* [DATA FOR ANALYSIS]
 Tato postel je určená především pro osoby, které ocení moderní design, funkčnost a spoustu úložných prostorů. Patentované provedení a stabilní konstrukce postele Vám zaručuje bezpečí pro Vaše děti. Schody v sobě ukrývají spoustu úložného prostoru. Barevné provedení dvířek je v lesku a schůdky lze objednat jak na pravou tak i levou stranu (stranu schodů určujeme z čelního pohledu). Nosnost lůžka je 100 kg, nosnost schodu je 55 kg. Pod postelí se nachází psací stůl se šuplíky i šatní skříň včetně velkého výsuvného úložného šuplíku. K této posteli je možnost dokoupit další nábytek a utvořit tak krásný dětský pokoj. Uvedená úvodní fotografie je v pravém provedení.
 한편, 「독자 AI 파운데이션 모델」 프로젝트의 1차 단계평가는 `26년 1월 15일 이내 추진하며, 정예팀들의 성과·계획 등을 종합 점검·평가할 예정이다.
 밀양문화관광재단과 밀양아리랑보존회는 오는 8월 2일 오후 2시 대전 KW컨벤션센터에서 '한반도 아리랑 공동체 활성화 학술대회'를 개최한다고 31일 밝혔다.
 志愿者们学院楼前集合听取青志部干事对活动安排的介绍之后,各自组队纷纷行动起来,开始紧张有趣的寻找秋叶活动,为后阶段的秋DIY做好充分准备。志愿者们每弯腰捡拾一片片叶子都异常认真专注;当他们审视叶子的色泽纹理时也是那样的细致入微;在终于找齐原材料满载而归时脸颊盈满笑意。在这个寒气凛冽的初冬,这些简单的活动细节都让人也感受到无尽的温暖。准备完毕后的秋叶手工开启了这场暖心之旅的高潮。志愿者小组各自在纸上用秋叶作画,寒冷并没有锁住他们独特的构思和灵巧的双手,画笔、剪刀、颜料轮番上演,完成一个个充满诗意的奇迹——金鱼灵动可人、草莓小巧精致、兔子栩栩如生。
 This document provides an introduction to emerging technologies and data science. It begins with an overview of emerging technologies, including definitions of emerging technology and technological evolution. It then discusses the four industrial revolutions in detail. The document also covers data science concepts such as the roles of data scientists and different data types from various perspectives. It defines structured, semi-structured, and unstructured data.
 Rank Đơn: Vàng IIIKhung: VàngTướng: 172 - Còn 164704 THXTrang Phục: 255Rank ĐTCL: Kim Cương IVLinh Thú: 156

...

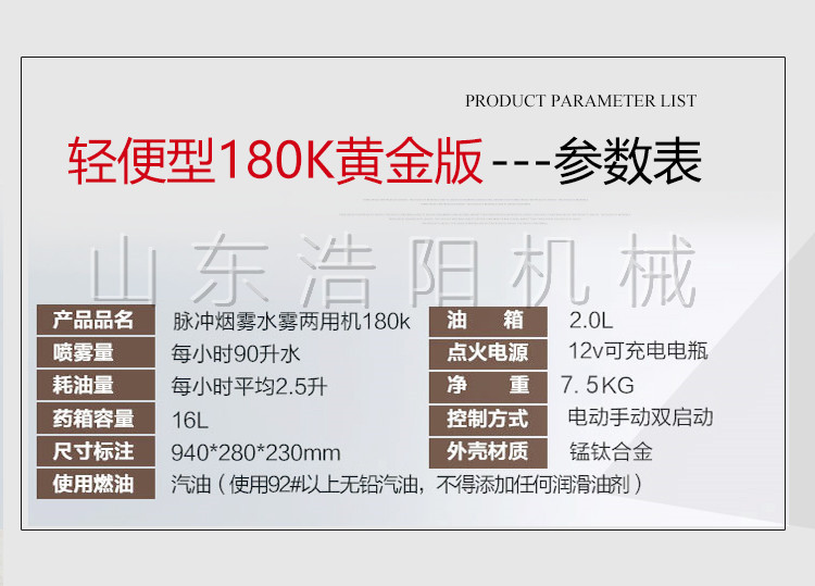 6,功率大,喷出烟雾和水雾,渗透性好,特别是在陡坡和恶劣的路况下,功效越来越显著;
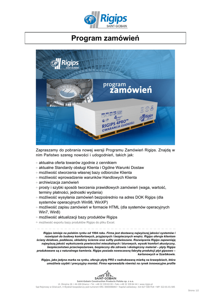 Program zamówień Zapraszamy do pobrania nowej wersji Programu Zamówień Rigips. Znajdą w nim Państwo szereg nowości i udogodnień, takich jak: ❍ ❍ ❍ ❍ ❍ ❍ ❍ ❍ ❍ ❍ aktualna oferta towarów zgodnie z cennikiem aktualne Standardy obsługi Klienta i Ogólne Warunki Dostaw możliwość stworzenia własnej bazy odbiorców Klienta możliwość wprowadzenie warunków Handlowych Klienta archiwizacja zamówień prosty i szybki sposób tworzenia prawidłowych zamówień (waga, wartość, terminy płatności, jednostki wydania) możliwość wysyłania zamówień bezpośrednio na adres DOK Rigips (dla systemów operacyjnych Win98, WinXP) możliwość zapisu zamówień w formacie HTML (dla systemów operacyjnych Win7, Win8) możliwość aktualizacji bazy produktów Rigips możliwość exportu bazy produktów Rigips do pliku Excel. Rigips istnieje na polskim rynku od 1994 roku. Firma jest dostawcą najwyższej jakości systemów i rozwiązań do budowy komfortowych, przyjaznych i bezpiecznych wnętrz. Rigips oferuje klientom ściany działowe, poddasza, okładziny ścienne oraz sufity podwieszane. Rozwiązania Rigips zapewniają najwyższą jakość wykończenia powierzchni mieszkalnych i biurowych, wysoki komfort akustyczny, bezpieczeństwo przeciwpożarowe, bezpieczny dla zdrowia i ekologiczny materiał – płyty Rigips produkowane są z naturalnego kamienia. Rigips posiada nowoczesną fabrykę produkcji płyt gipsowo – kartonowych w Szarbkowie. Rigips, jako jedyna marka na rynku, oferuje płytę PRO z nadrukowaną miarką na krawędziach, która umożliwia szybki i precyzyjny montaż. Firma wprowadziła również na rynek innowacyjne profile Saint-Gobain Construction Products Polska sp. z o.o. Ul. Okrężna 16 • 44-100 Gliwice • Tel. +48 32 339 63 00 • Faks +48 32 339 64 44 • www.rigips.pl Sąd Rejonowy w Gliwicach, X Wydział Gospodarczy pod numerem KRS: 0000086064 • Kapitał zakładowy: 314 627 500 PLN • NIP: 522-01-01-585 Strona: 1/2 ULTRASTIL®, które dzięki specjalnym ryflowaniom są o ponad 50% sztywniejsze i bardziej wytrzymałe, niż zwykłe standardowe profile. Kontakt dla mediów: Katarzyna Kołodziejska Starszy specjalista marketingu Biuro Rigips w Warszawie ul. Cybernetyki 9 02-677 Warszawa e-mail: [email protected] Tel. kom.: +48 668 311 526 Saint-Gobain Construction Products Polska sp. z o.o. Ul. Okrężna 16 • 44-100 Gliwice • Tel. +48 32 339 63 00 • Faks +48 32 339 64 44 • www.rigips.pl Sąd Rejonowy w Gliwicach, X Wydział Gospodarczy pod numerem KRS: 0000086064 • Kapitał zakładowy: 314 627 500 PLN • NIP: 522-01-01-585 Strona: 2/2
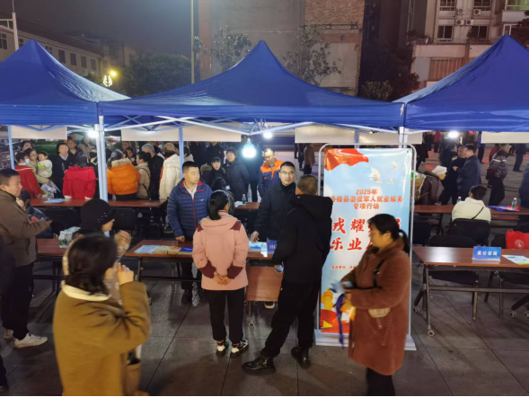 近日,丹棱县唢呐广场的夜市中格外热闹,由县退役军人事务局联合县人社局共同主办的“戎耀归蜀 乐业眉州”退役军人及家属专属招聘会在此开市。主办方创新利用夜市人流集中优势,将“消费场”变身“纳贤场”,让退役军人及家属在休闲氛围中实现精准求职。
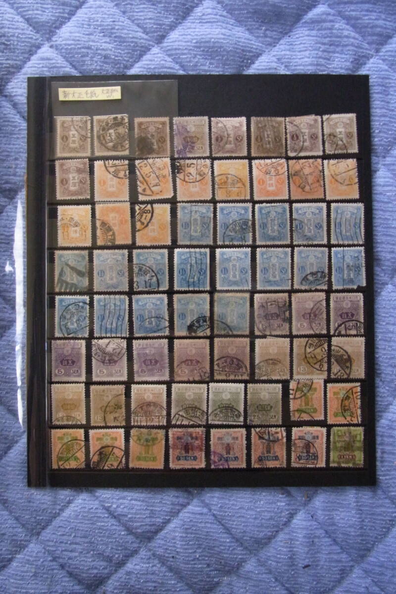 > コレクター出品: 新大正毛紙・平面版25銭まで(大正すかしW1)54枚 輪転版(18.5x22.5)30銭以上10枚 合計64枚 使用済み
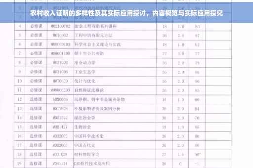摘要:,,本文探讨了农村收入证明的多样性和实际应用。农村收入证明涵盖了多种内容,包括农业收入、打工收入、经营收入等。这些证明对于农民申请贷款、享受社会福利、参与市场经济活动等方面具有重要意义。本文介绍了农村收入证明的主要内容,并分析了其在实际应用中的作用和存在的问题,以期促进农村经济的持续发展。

==

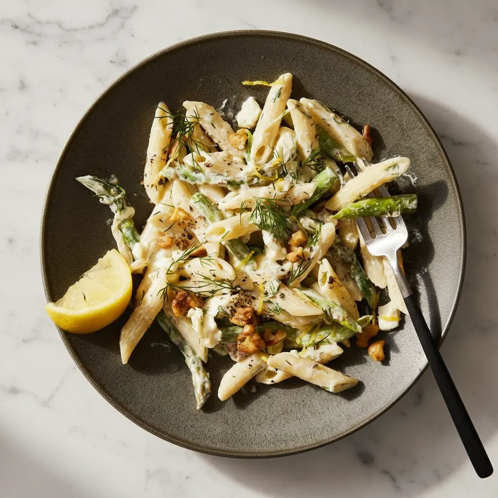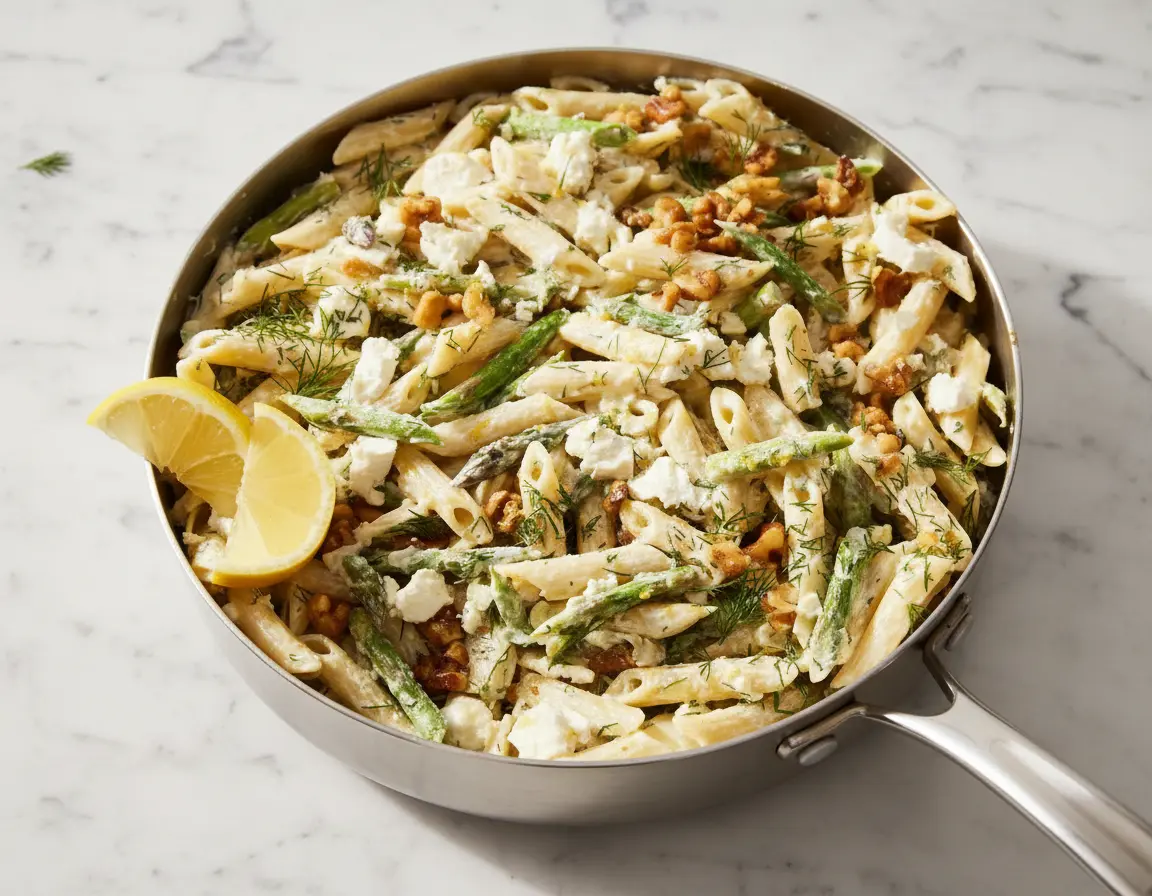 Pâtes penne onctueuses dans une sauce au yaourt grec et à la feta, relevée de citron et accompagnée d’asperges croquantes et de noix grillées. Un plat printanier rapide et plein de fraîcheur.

* [EXERCISE]
While skipping the pictures, transcribe the data above from the line showing "輪転版(18.5x22.5)30銭以上10枚 合計64枚 使用済み" through the line showing "摘要:,,本文探讨了农村收入", exactly and with both ends.

* [EXERCISE RESULT]
 > コレクター出品: 新大正毛紙・平面版25銭まで(大正すかしW1)54枚 輪転版(18.5x22.5)30銭以上10枚 合計64枚 使用済み
摘要:,,本文探讨了农村收入证明的多样性和实际应用。农村收入证明涵盖了多种内容,包括农业收入、打工收入、经营收入等。这些证明对于农民申请贷款、享受社会福利、参与市场经济活动等方面具有重要意义。本文介绍了农村收入证明的主要内容,并分析了其在实际应用中的作用和存在的问题,以期促进农村经济的持续发展。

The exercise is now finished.